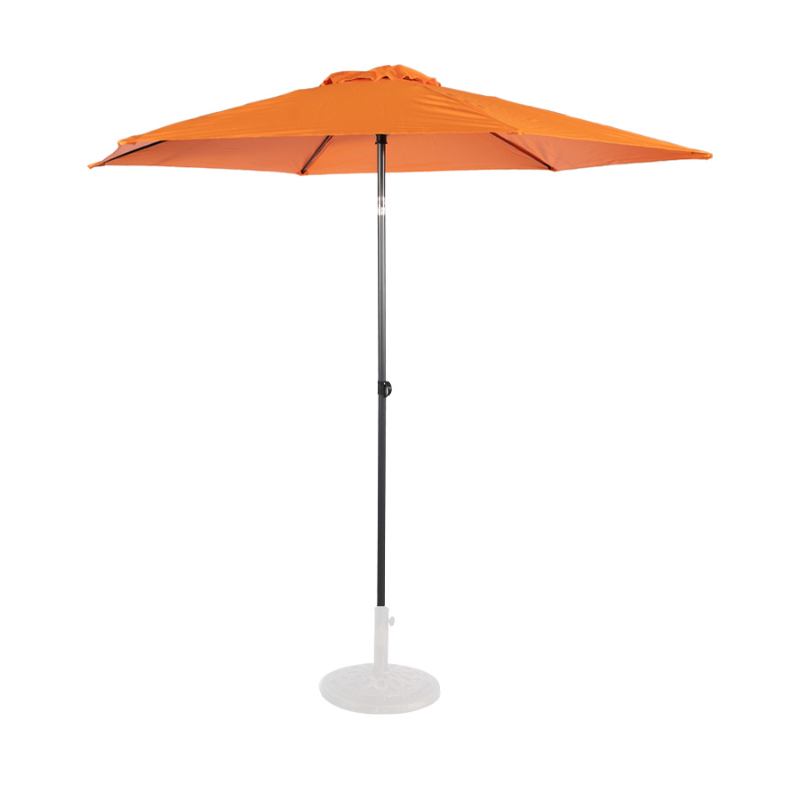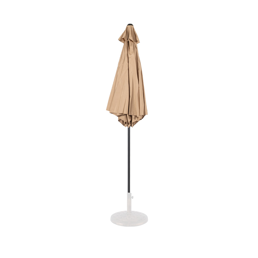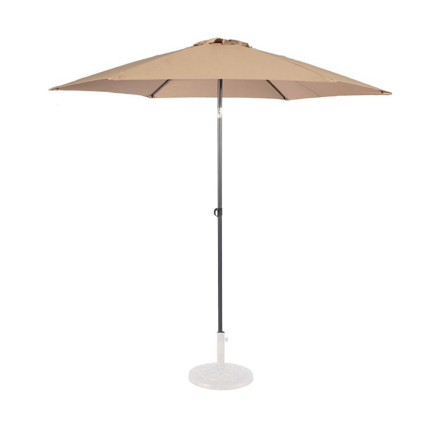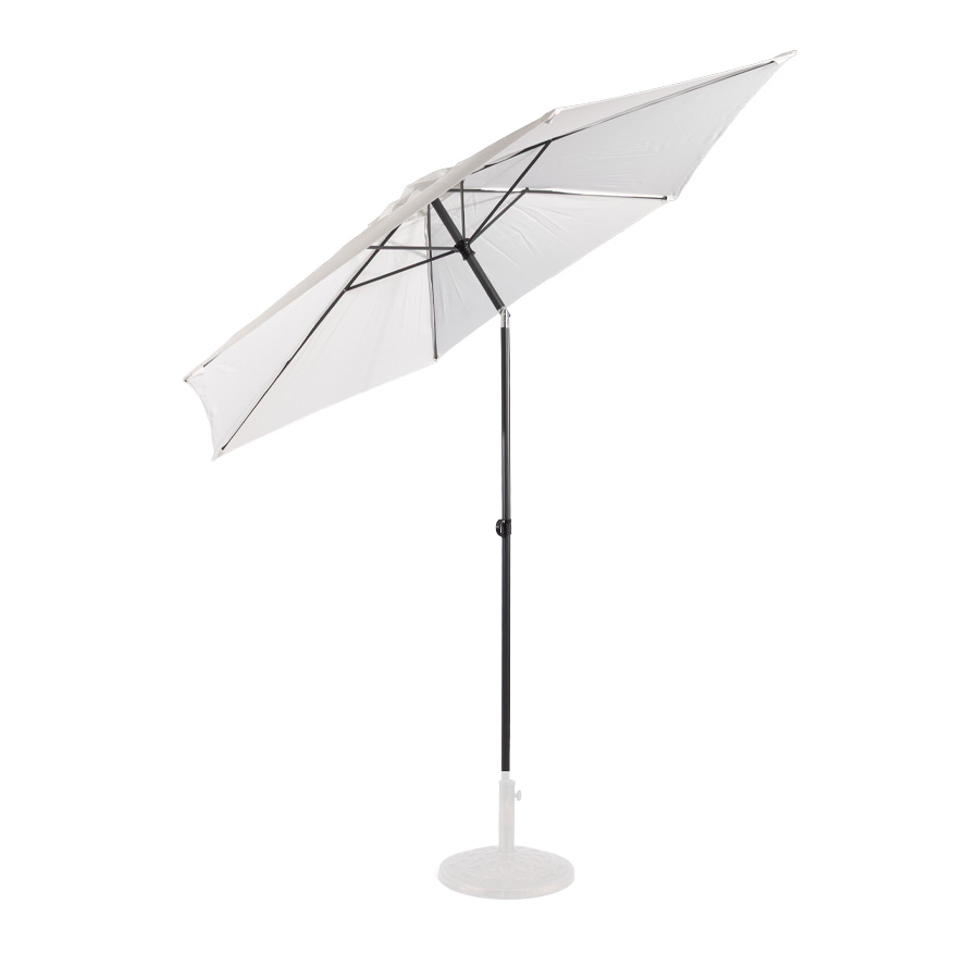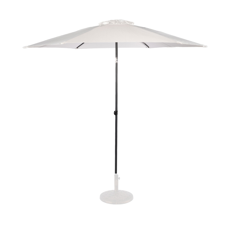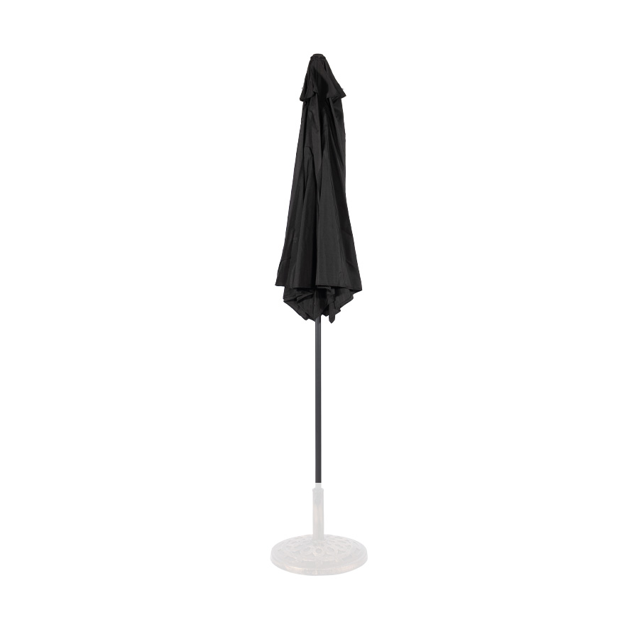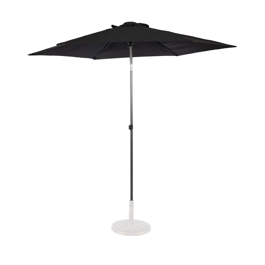Quitasol redondo modelo “RAVELLO” de 2.5m de diámetro, con 6 cascos de lona Poliéster UV impermeable de 160g. Estructura asta central de 3.2cm diámetro x 1.6mm de espesor + 6 varas de 6x10mm, ambos Acero con pintura electrostática color negro, altura 2.3m, con sencillo sistema de apertura manual. Incluye codo giratorio de 45°. NO INCLUYE BASE.
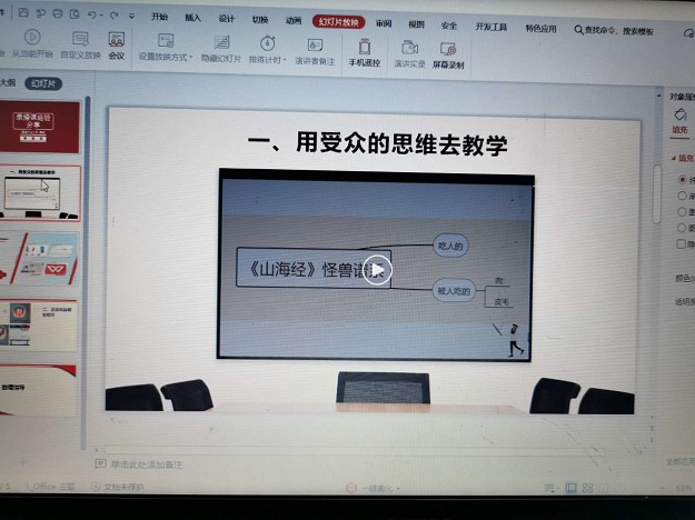 相对来说,青年教师对现代教育技术的掌握要优于年长一些的老师。会议伊始,由现代教学技术运用相对成功的季婕老师进行如何录播和直播的相关分享,季老师提出要以受众的思维去进行线上导学工作,这也是学校一贯坚持的以学生为中心的培育理念。
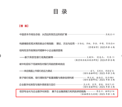 近日,黄色漫画 傅东平教授与2022级硕士生顾邯沙关于商业银行的研究成果《信贷专业化与企业数字化转型——基于企业融资能力和风险承担视角》在《金融理论与实践》2025年第1期作为封面文章发表后,被中国人民大学国际货币研究所主办的学术内刊《国际货币评论》全文转载。《国际货币评论》在稿件采用函中特别说明“该文章在商业银行领域具有领先学术水平”。
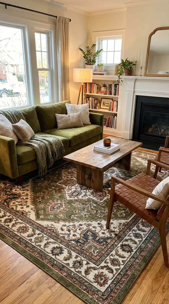 If olive feels tricky, let a rug connect the dots. A rug that includes green plus warm neutrals makes the sofa look perfectly planned.

§ **Work required**: Produce an exact copy of the lines from the line with "近日,黄色漫画 傅东平教授与" through the last line of the data above, both ends included. No pictures belong in it.

§ **Task output**:
 近日,黄色漫画 傅东平教授与2022级硕士生顾邯沙关于商业银行的研究成果《信贷专业化与企业数字化转型——基于企业融资能力和风险承担视角》在《金融理论与实践》2025年第1期作为封面文章发表后,被中国人民大学国际货币研究所主办的学术内刊《国际货币评论》全文转载。《国际货币评论》在稿件采用函中特别说明“该文章在商业银行领域具有领先学术水平”。
 If olive feels tricky, let a rug connect the dots. A rug that includes green plus warm neutrals makes the sofa look perfectly planned.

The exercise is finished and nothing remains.